Facial recognition technology is improving by leaps and bounds. Some commercial software can now tell if a person in a photograph is male or female 99 percent of the time.
But it has that accuracy only if the person is a white man.
The darker the skin, the more errors arise — up to nearly 35 percent for images of darker skinned women, according to a new study that breaks fresh ground by measuring how the technology works on people of different races and gender.
These disparate results, calculated by Joy Buolamwini, a researcher at the M.I.T. Media Lab, show how some of the biases in the real world can seep into artificial intelligence, the computer systems that inform facial recognition.
In modern artificial intelligence, data rules. A.I. software is only as smart as the data used to train it. If there are many more white men than black women in the system, it will be worse at identifying the black women.
One widely used facial-recognition data set was estimated to be more than 75 percent male and more than 80 percent white, according to another research study.
The new study also raises broader questions of fairness and accountability in artificial intelligence at a time when investment in and adoption of the technology is racing ahead.
Today, facial recognition software is being deployed by companies in various ways, including to help target product pitches based on social media profile pictures. But companies are also experimenting with face identification and other A.I. technology as an ingredient in automated decisions with higher stakes like hiring and lending.
Researchers at the Georgetown Law School estimated that 117 million American adults are in law enforcement face recognition networks — and that African Americans were most likely to be singled out, because they were disproportionately represented in mug-shot databases.
Facial recognition technology is lightly regulated so far.

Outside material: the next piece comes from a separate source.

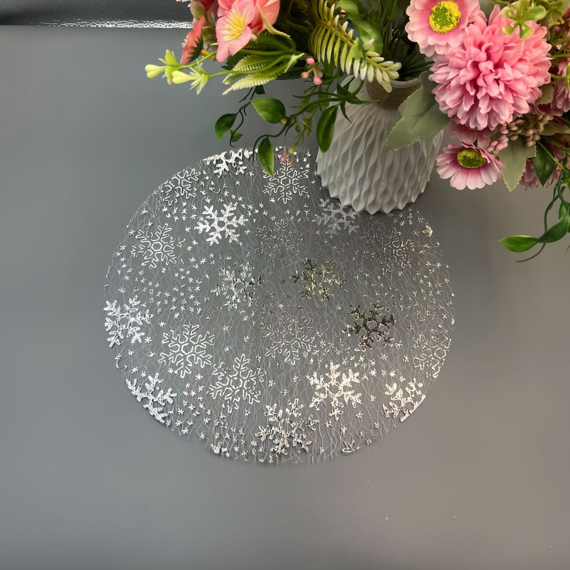 Одноразовая круглая подстилка с серебряными снежинками и горячим тиснением, подходит для дней рождения и праздников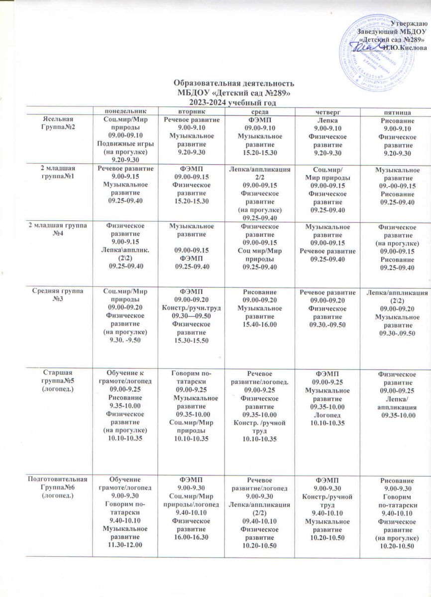 Образовательная деятельность на 2023-2024 учебный год (главное здание)

“This is the right time to be addressing how these A.I. systems work and where they fail — to make them socially accountable,” said Suresh Venkatasubramanian, a professor of computer science at the University of Utah.
Until now, there was anecdotal evidence of computer vision miscues, and occasionally in ways that suggested discrimination. In 2015, for example, Google had to apologize after its image-recognition photo app initially labeled African Americans as “gorillas.”
Sorelle Friedler, a computer scientist at Haverford College and a reviewing editor on Ms. Buolamwini’s research paper, said experts had long suspected that facial recognition software performed differently on different populations.
“But this is the first work I’m aware of that shows that empirically,” Ms. Friedler said.
Ms. Buolamwini, a young African-American computer scientist, experienced the bias of facial recognition firsthand. When she was an undergraduate at the Georgia Institute of Technology, programs would work well on her white friends, she said, but not recognize her face at all. She figured it was a flaw that would surely be fixed before long.
But a few years later, after joining the M.I.T. Media Lab, she ran into the missing-face problem again. Only when she put on a white mask did the software recognize hers as a face.
By then, face recognition software was increasingly moving out of the lab and into the mainstream.
“O.K., this is serious,” she recalled deciding then. “Time to do something.”
So she turned her attention to fighting the bias built into digital technology. Now 28 and a doctoral student, after studying as a Rhodes scholar and a Fulbright fellow, she has emerged as an advocate in the new field of “algorithmic accountability,” which seeks to make the code that animates all kinds of automated decisions more transparent, explainable and fair.
Her short TED Talk on coded bias has been viewed more than 940,000 times, and she founded the Algorithmic Justice League, a project to raise awareness of the issue.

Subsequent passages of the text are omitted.